VMware Cloud Community
SunilSaini
Contributor
Contributor

Isolation responce

Hi to all

What isolation responce should we use out of three (Leave power on. Power off, shutdown) ? How can we decide that which will be best isolation responce after detecting the host isolation ?

Please make it clear any body.

Thanks in advance

Reply
0 Kudos
12 Replies
Troy_Clavell
Immortal
Immortal

We tend to use "leave powered on". This will help keep the guests on-line in the event of a false positive. If it's a true HA event, not just an isolation event, the guest would be powered down and restarted on other hosts in the cluster.

Reply
0 Kudos
mcowger
Immortal
Immortal

This book explains how to makr that decision very well:

http://www.amazon.com/VMware-vSphere-technical-deepdive-ebook/dp/B004V49JGW

--Matt VCDX #52 blog.cowger.us
Reply
0 Kudos
depping
Leadership
Leadership

Our book explains it in-depth indeed. Thanks Matt! It is also covered in this blog article:

http://www.yellow-bricks.com/vmware-high-availability-deepdiv/

Reply
0 Kudos
Techstarts
Expert
Expert

Strongly suggest you read the best book available as mentioned and written by Duncap

This decision be it shutdown,leave power on has impact (side effects) which every decision maker must be aware.

Thank you,

Preetam

With Great Regards,
Reply
0 Kudos
SunilSaini
Contributor
Contributor

Hi All

is it true that host isolation declare itself ? if it does what happened if the host suddenly goes down due to power failure .

I got confused after reading the following lines.

The time elapsed before the host declares itself isolated varies depending on the role of the host (master or
slave) at the time of the loss of heartbeats. If the host was a master, it will declare itself isolated within 5 seconds.
If the host was a slave, it will declare itself isolated in 30 seconds.

Please make it clear ?

Reply
0 Kudos
Techstarts
Expert
Expert

SunilSaini wrote:

Hi All

is it true that host isolation declare itself ? if it does what happened if the host suddenly goes down due to power failure .

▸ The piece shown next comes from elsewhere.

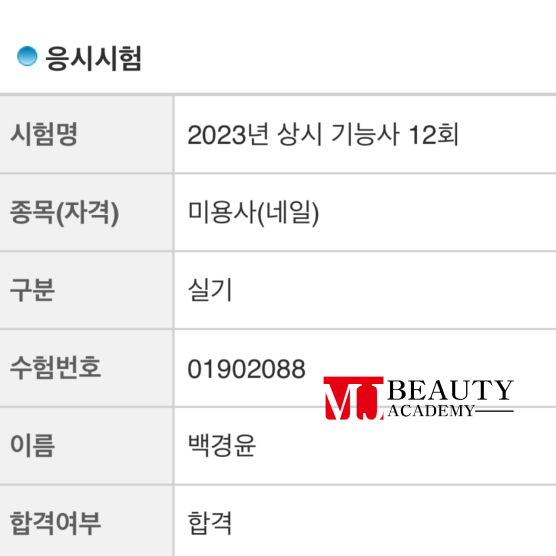 미용사(네일) 실기 백경윤 최종합격을 축하합니다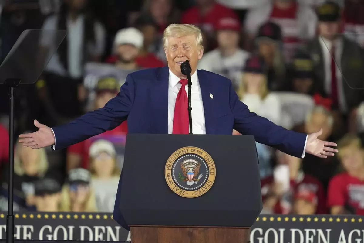President Donald Trump speaks on his first 100 days at Macomb County Community College Sports Expo Center, Tuesday, April 29, 2025, in Warren, Mich. (AP Photo/Paul Sancya)

I got confused after reading the following lines.

The time elapsed before the host declares itself isolated varies depending on the role of the host (master or
slave) at the time of the loss of heartbeats. If the host was a master, it will declare itself isolated within 5 seconds.
If the host was a slave, it will declare itself isolated in 30 seconds.

Please make it clear ?

Isolated means "host is powered ON but not on the network which can't be reached by master or slave"

There are two ways it confirms if it is isolated by pinging it's mgmt gateway or any specifically mentioned ip address. Second it checks if it can reach any datastore.  If it is powered off where is the question of recieving the heartbeats.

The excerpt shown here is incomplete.